Всё это, присущее лучшим сибирякам, как бы само собой перешло к нам. Да и как могло быть иначе? Мы же росли и выросли на этой литературе! И всё это ярко, зримо и вещественно присутствует в твоей книге.
Но я глубоко убеждён, что сибиряки наши, если б дали им возможность созреть, жить и работать, вспомнили бы в конце концов, что до них были Достоевский, Толстой, Чехов, Бунин – в прозе. Пушкин, Блок, Некрасов – в поэзии, которые умели – да ещё как! – писать: и образно, и живописно, и удало, и правдиво и... как хочешь. От стихийной, порой «голенькой» прозы они постепенно переходили к мысли. А если уж шла война, то и её описывали, и не одними батальными сценами отделывались эти воистину мудрые художники, мятущийся человек появлялся у них на позициях. И мятущийся, чего-то ищущий граф, и мужичок, со «своих позиций» пытающийся понять себя. Если уж нищий студент угрохал старуху, то за него нравственные вопросы решал не всезнающий майор Пронин или мимо ехавший и случайно завернувший в роман секретарь обкома, а сам он, студент, обращал свой взор вокруг и в самого себя. И всё вокруг постигал – и высшую нравственность, и падение – путём мучительного размышления над сущностью человеческой жизни, над её величием и мерзостью.
Тургеневы, Достоевские, Толстые достигли высших вершин в слове, потому что сделали слово мыслительным, и, мало того, пошли дальше, забрались туда, откуда возникает эта мысль. – в человеческую душу.
Увы и ах! При всём блеске прозы 20-х и 30-х годов, особенно сибирской, она лишилась основного достижения нашей русской великой литературы. Она изображала и только. Она, захлебнувшись, спешила вперёд, летела, подхваченная запушенной во всю мощь и на всю «железку» круговертью событий и собственной жизни. Ещё раз говорю: дай ей время приостановиться, осмотреться, поразмыслить – литература эта непременно пошла бы в глубь явлений жизни, занялась бы самоанализом и осмыслением вновь народившегося общества.
Я думаю, не случайно почти всю сибирскую литературу вырубили под корень. Кто-то инстинктивно почувствовал, что она если не представляет, то будет представлять опасность. Такие мужики, как Зазубрин, Петров и Ошаров, очень много знали и даже сотой доли того, что знали, ещё не только не выложили на бумагу, но и не коснулись. И они-то в первую очередь и пострадали. Оставшиеся в живых Шишков, Сейфуллина, Иванов были травлены литературными гончими и по существу загнаны в угол. Взамен им хлынула в литературу та самая хевра, которая «счастье в том находит, что хорошо на задних лапках ходит».

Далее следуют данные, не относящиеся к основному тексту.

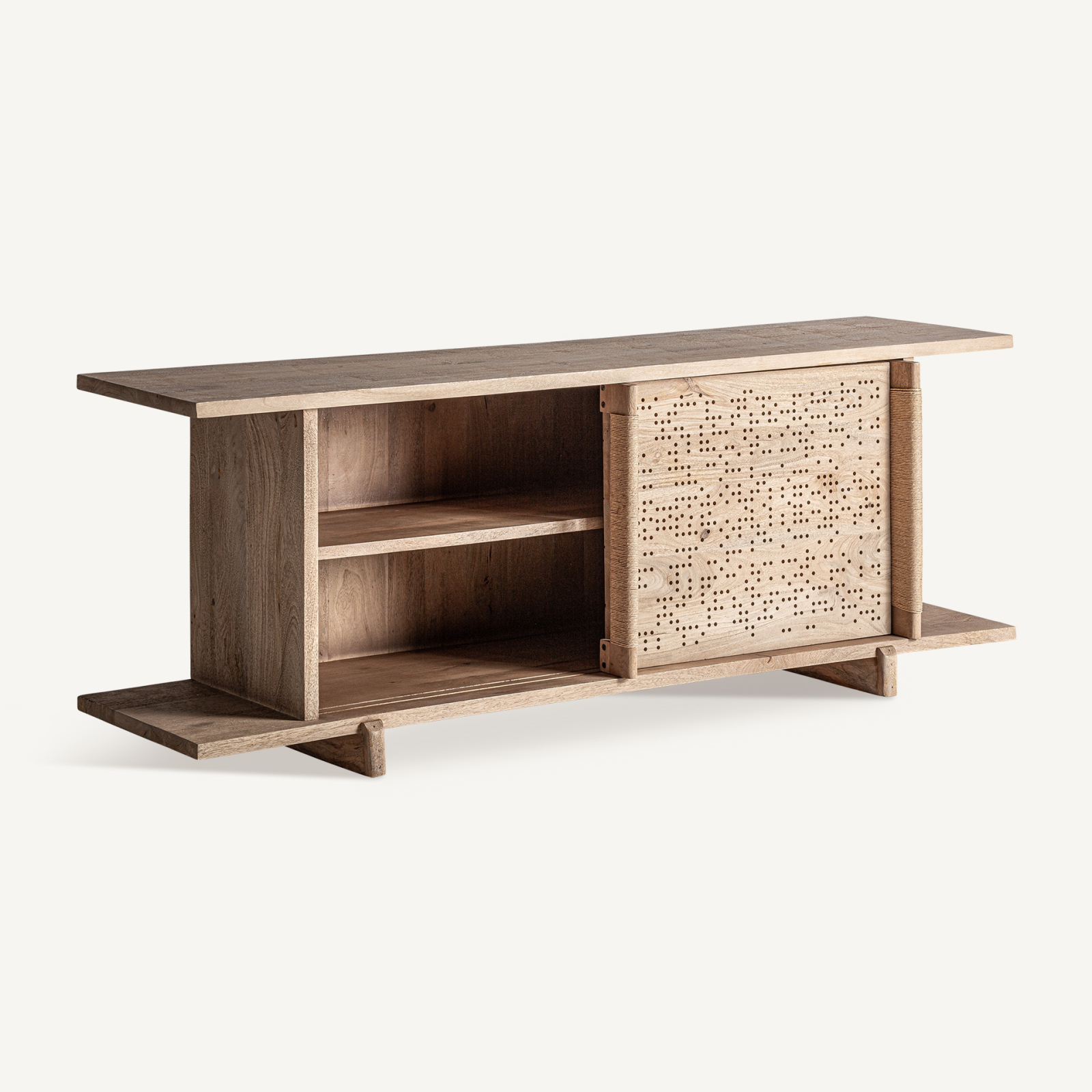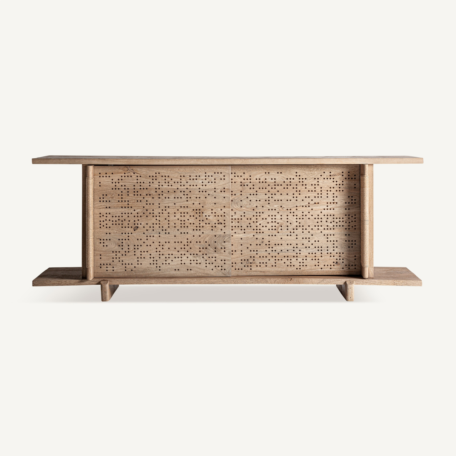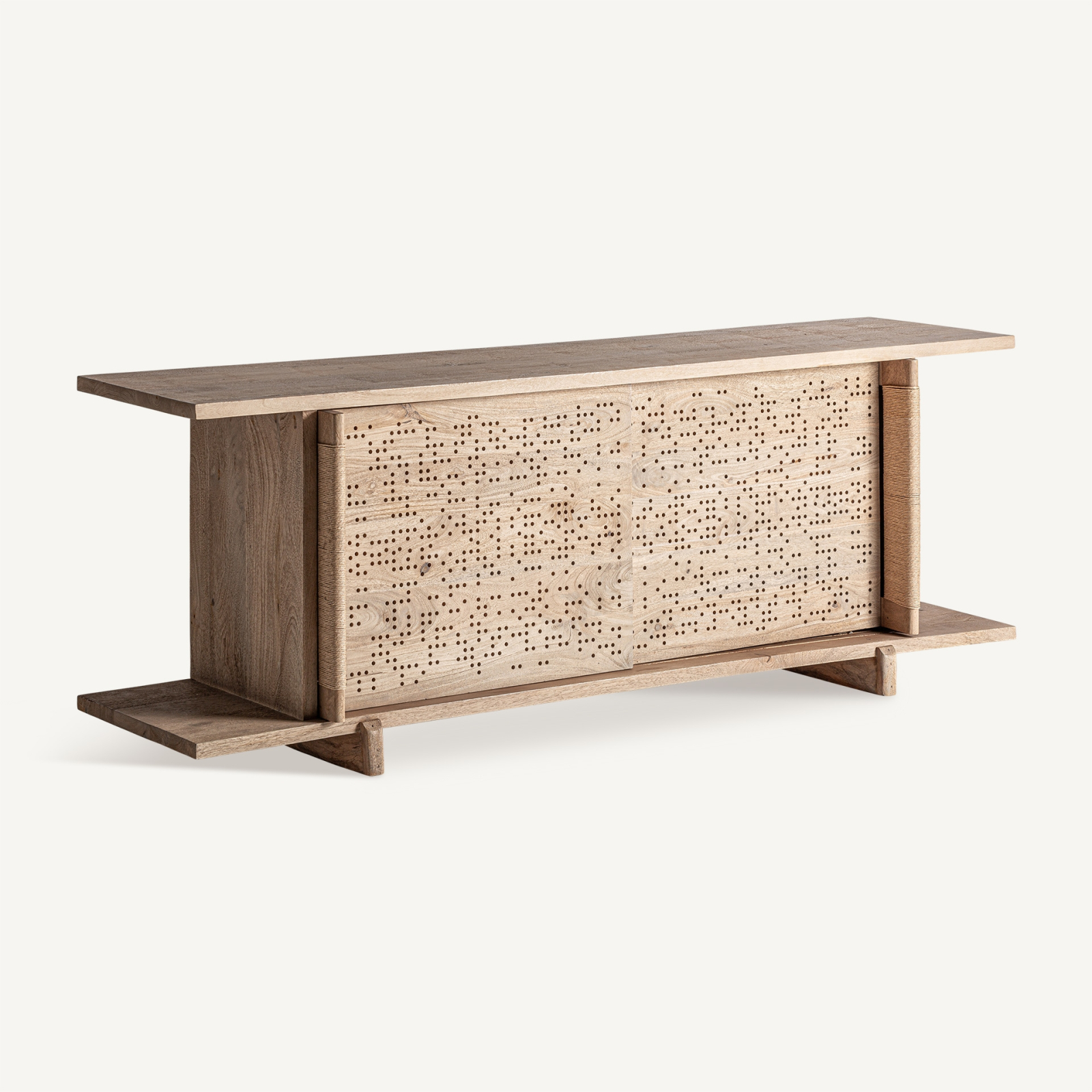 Fronturile comodei sunt decorate cu un model perforat realizat direct în masa lemnului, inspirat din grafica țesăturilor jacquard. Acest detaliu decorativ adaugă profunzime și ritm suprafeței, transformând piesa într-un element sculptural, în care textura devine parte esențială a designului. Sistemul de uși glisante păstrează un aspect curat și fluid, fără a fragmenta vizual volumul.

Думаю, ни Зазубрин, ни Петров, ни тем более Павел Васильев не написали бы в самые страшные годы слов: «Я другой такой страны не знаю, где так вольно дышит человек...»
Именно потому, что они, настоящие бойцы-коммунисты, люди с чистой душой и прекрасной биографией, не делали этого и не сделали бы, их и не стало.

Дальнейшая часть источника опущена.